If the US income is in joint names then this will change.


----------



## NathanMerka (Oct 4, 2015)

Thanks JandE,

I am still very confused about how my Tax situation will play out. Wife and I are both US Citizens with Permanent Resident status in Australia. Since I will live in Australia, but all work income is from US, I am so confused. I guess I have tax questions regarding both Countries. 
There is a tax treaty with US and Australia, so I will not pay taxes in both Countries? Do I pay in the country I live, or the country I work? Who gets my money!
When I file US taxes, I assume it gets reduced to zero with the Foreign Earned Income Exclusion, Foreign Tax Credit and Foreign Housing Allowance? So If I would not pay income taxes to the US, how to do I get back taxes taken from my US paycheck since it was W2?
When I files Australia taxes, I am aware of the chart that that specifies the tax %. Is that on Gross Income, or Adjusted Gross Income. Does Australia have deductions and credits to adjust taxable income and liability? Do you get a credit/deduction for children?
I know these are very specific questions, and I will need to contact an accountant with experience, but wanted to get some info before calling so I can ask the right questions.


----------



## JandE (Jul 17, 2015)

Australian tax is basically a simple one rate fits all, but with deductions for some allowable expenses dependant on your occupation.

There are no allowances for children etc, like in some countries. 
A different department will pay the child allowances fortnightly to those who are eligible.

I normally did UK and Aus tax comparisons, but have no knowledge of US tax workings. Normally the place of residence will get your tax, but I also know that the US needs tax returns done for its people who reside and work overseas, at least in some countries.

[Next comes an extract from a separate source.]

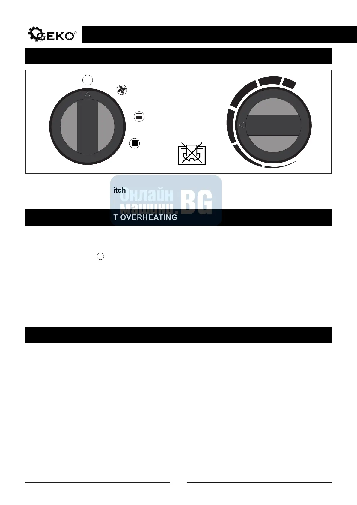 In the event of overheating of the device, the heater protection switch will automatically turn o the
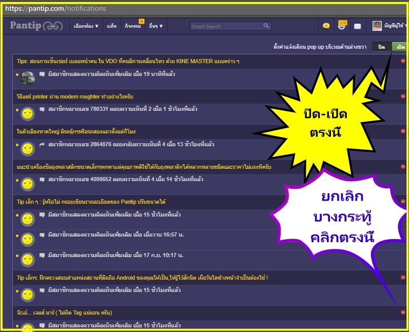 • จำนวนการแจ้งเตือน จะนับจากตัวหนาเข้ม คือ กระทู้ที่มีการเคลื่อนไหว แต่เรายังไม่ได้เข้าไปดู

You will need a proper accountant who knows both countries systems. Not the common H&R Block type tax agents.

You also need to see if your income from USA can be split somehow between husband and wife before it arrives in Aus, but that only applies if Australia will be the highest taxation figure, and you can receive it as untaxed at source in the US.
You mentioned you get Shareholders income, if these shares were split between husband and wife, then the tax would be lowered.

A good accountant will know exactly what questions to ask you, to get the right results.


----------



## miawilson (Dec 28, 2015)

I think I also have the same concern for my husband, although we are not yet permanent residents of Australia. Where should he pay income taxes?


----------



## JandE (Jul 17, 2015)

miawilson said:


> I think I also have the same concern for my husband, although we are not yet permanent residents of Australia. Where should he pay income taxes?


Once tax resident in Australia he will pay Australian tax on his income, and offset that against any tax liability to the US.

With the complex tax structure that the US government has for taxing overseas Americans, I think you will need a specialist...


----------



## Jim2016 (Mar 24, 2016)

Hi Nathan ... have you had a look around the Australian Taxation Office (ATO) website ?


----------